Updated: Sep 10, 2019

Theme 7: Macroeconomics Policies

Topic: Expansionary Monetary Policy

Relevance: H1 and H2 Economics

Introduction:

Government can introduce demand management policy of monetary fiscal policy through the central bank to achieve its macroeconomic goals of economic growth and lower unemployment.


Expansionary monetary policy could include increasing the money supply or decreasing the interest rate. A central bank can increase the money supply, would is the amount of money circulating the economy through the use of measures such as purchasing bonds or lending money to financial institutions, decreasing the reserve ratio requirements of commercial banks or decreasing interest rate directly.


When money supply increases, interest rate would decrease. This would lead to a decrease in the cost of borrowing. Firms and entrepreneurs would have more incentive to borrow for investment (I). Households would also be more inclined to borrow and increase consumption expenditure (C), especially on big ticket items such as cars and houses. Decrease in interest rate would also decrease the return of savings therefore reducing household’s willingness to save which will contribute to increase in consumption.


Increase in consumption expenditure (C) and investment expenditure (I) would lead to an increase in aggregate demand and the aggregate demand curve to shift right from ADOriginal to ADNew in Figure 1.

Figure 1: Increase in Aggregate Demand

When aggregate demand increases, there will be excess demand in the short run at original price level P0 as aggregate demand is more than aggregate supply. This will lead to unplanned shortage of inventories and hence induce firms to increase their output level in the next period leading to an increase in the real national income via the multiplier effect from YO to YN and inflation as general price level increases from P0 to PN. As real output increases, firms would employ more resources such as labour, resulting in an increase in demand of labour. Increase in demand of labour will lead to a fall in unemployment,

especially demand-deficient unemployment. Therefore, expansionary fiscal policy would result an increase in real national income, decrease in unemployment but also inflation as general price level increased.



Advantages of using Expansionary Monetary Policy

  • Monetary policy involves financial institutions like banks which are the main financial intermediaries in any economy. These banks subsequently influence consumption and investment decisions which exert large impacts on the economy.

  • Expansionary Monetary Policy does not negatively affect government’s fiscal position as it doesn’t negative affect tax revenue or government spending.

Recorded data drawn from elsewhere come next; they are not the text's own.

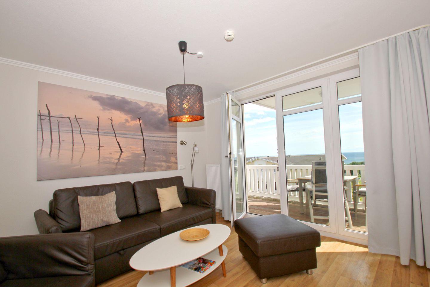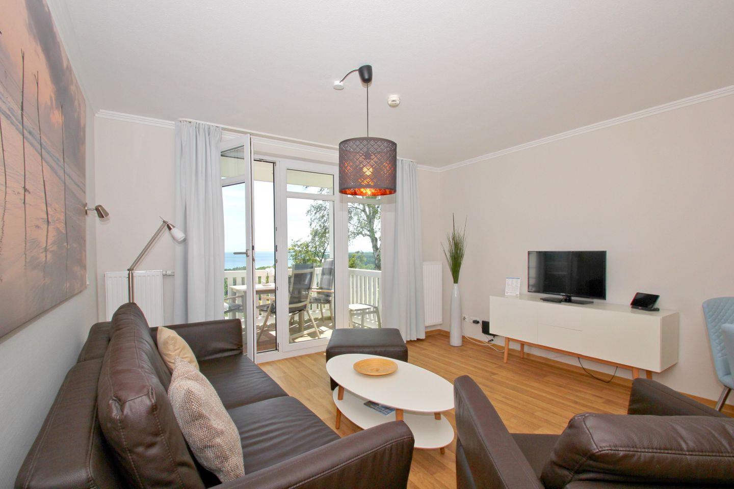 Moderne 3-Raum-Ferienwohnung mit Meerblick, Balkon und kostenfreiem Zugang zu Schwimmbad und Sauna in Göhren.
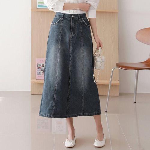 [유야]워싱 밴딩 데님 롱 스커트 청치마 키작녀 -SK0229H- 여성 봄
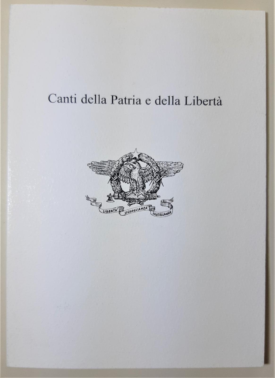 Canti della patria e della Libert‡ a cura di Giovanni Cecconi e Moreno neri commercio realizzata per il collegio Bononia di rito simbolico italiano in occasione dell'incontro di Montefiore Conca 29 settembre 2002. Copertina morbida editoriale interno In ottimo stato numero pagine 50 dimensioni cm 21 x 15
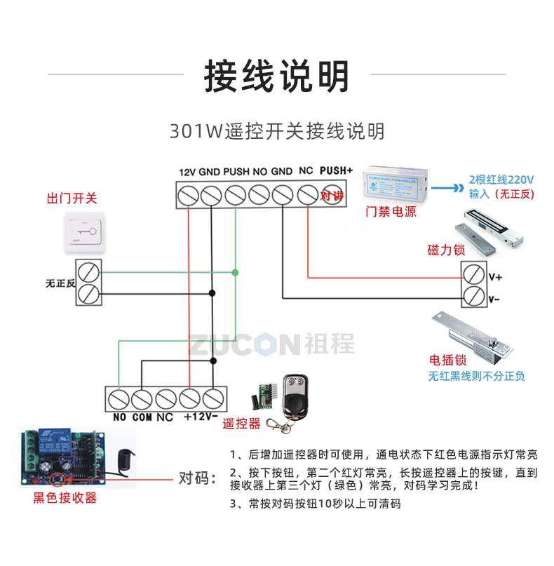 ZUCON祖程K50門(mén)禁系統(tǒng)套裝配套遙控器 即插即用遙控開(kāi)關(guān) 電子遙控器315M學(xué)習(xí)型
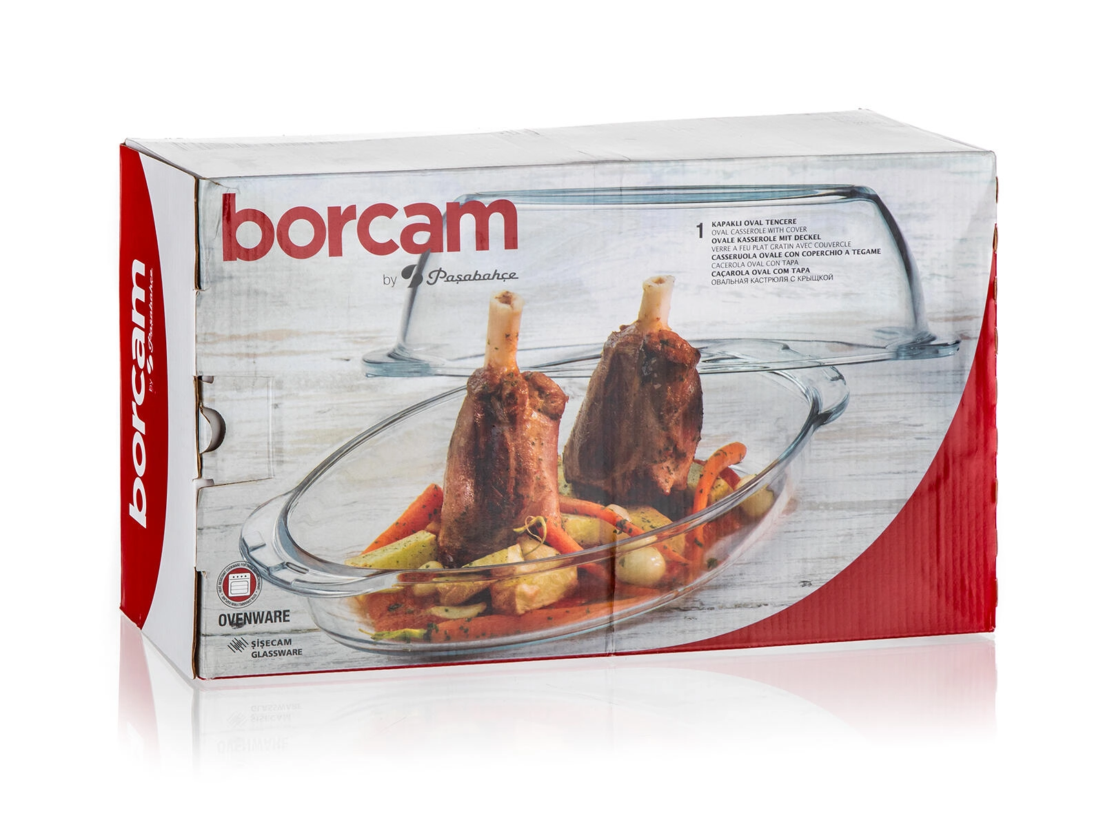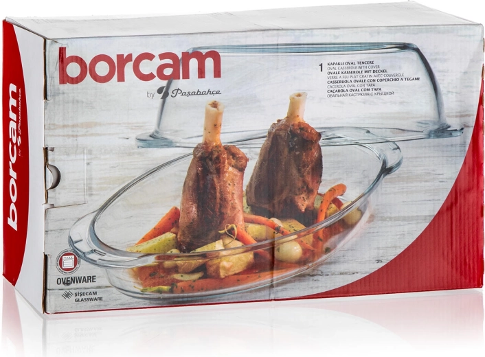 De glazen ovale braadslede met deksel biedt een royale inhoud van 4,6 l (schaal 2,8 l + deksel 1,8 l), zodat u eenvoudig een familielunch of weekendlekkernijen bereidt. Het hittebestendige borosilicaatglas blinkt uit door hoge mechanische en thermische bestendigheid, is smaak- en geurneutraal en verdeelt warmte uitstekend voor een gelijkmatige garing.
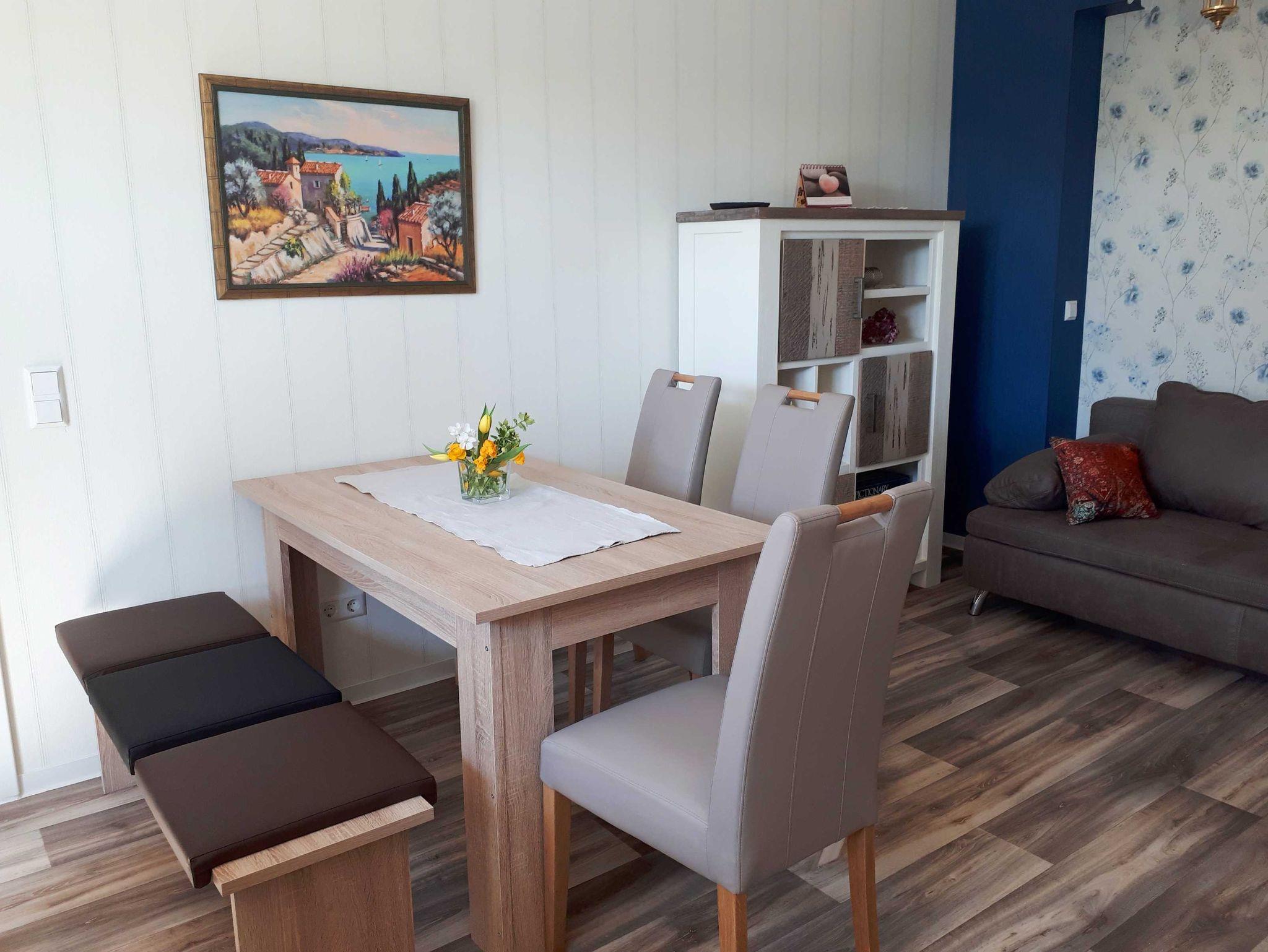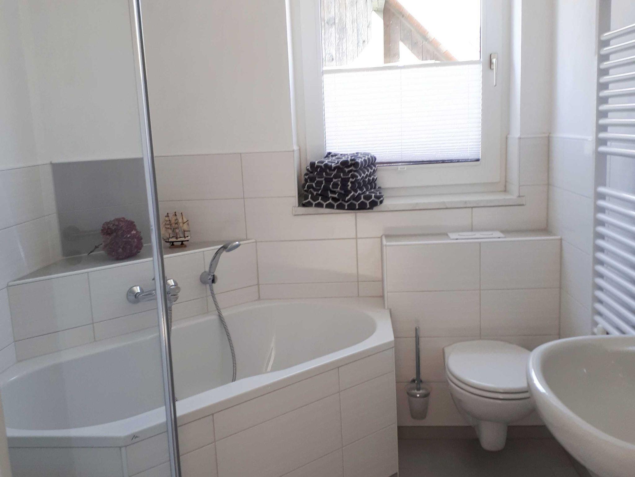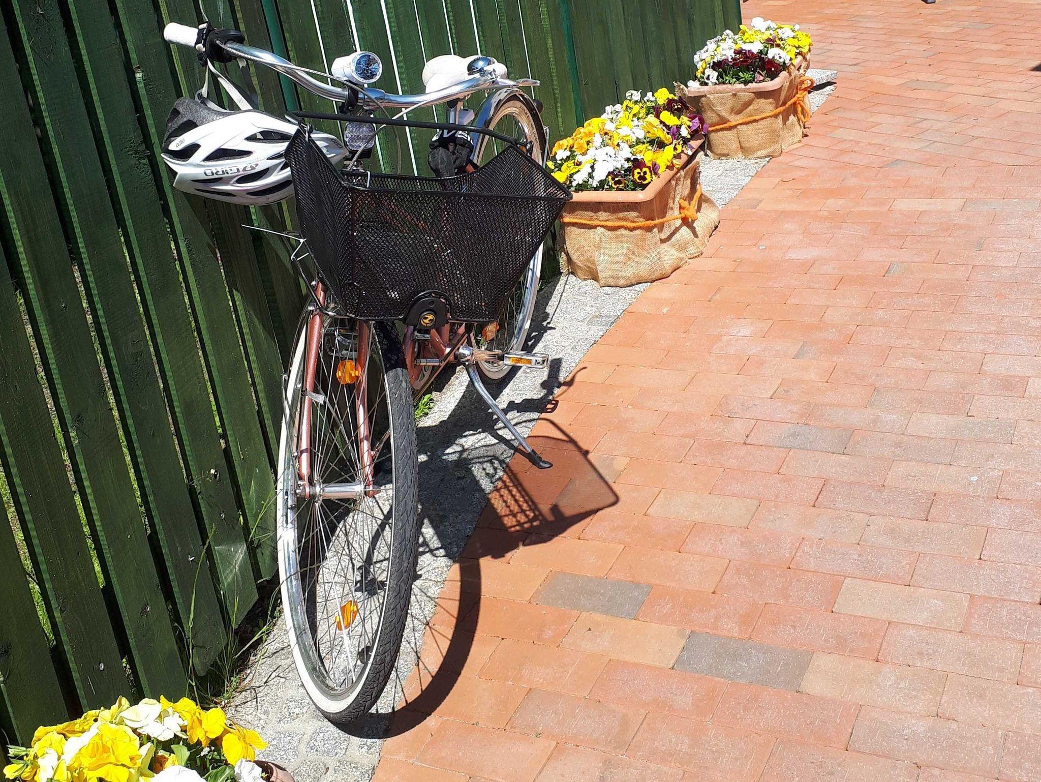 Die fahrradfreundliche Ferienwohnung Charlotte ist eine helle Ferienwohnung mit einem Schlafzimmer mit Doppelbett (und einem Kinderbett), einem kombinierten Wohn-Schlafraum mit Schlafsofa sowie einer Küche. Das Badezimmer ist mit Wanne ausgestattet.

  • Interest rate and money supply are flexible and can be adjusted over time more easily.

  • Expansionary Monetary Policy can be used as a long term or sustainable policy.

  • Expansionary Monetary Policy increase employment and decreases unemployment.

  • Situation for country with a larger multiplier size as real income will increase more compared to another country with a smaller multiplier.

  • The effectiveness of Expansionary monetary policy depends on the interest elasticity of demand for loans. If the demand for loans is interest elastic, expansionary monetary policy will be more effective.

Disadvantages of using Expansionary Monetary Policy

  • Increase in AD would result in an increase in GPL or Inflation which will have adverse impact on the economy.

  • Not situation for country with a smaller multiplier size as real income will increase lesser compared to another country with a larger multiplier.

  • Expansionary Monetary Policy does not suit economies with a fixed exchange rate system.

  • Expansionary Monetary Policy does not suit economies open to capital flows.

  • The effectiveness of Expansionary monetary policy depends on the interest elasticity of demand for loans. If the demand for loans is interest inelastic, expansionary monetary policy will be less effective.

  • Consumption and investment decision depends on many factors other than interest rates such as political stability, market conditions and outlook.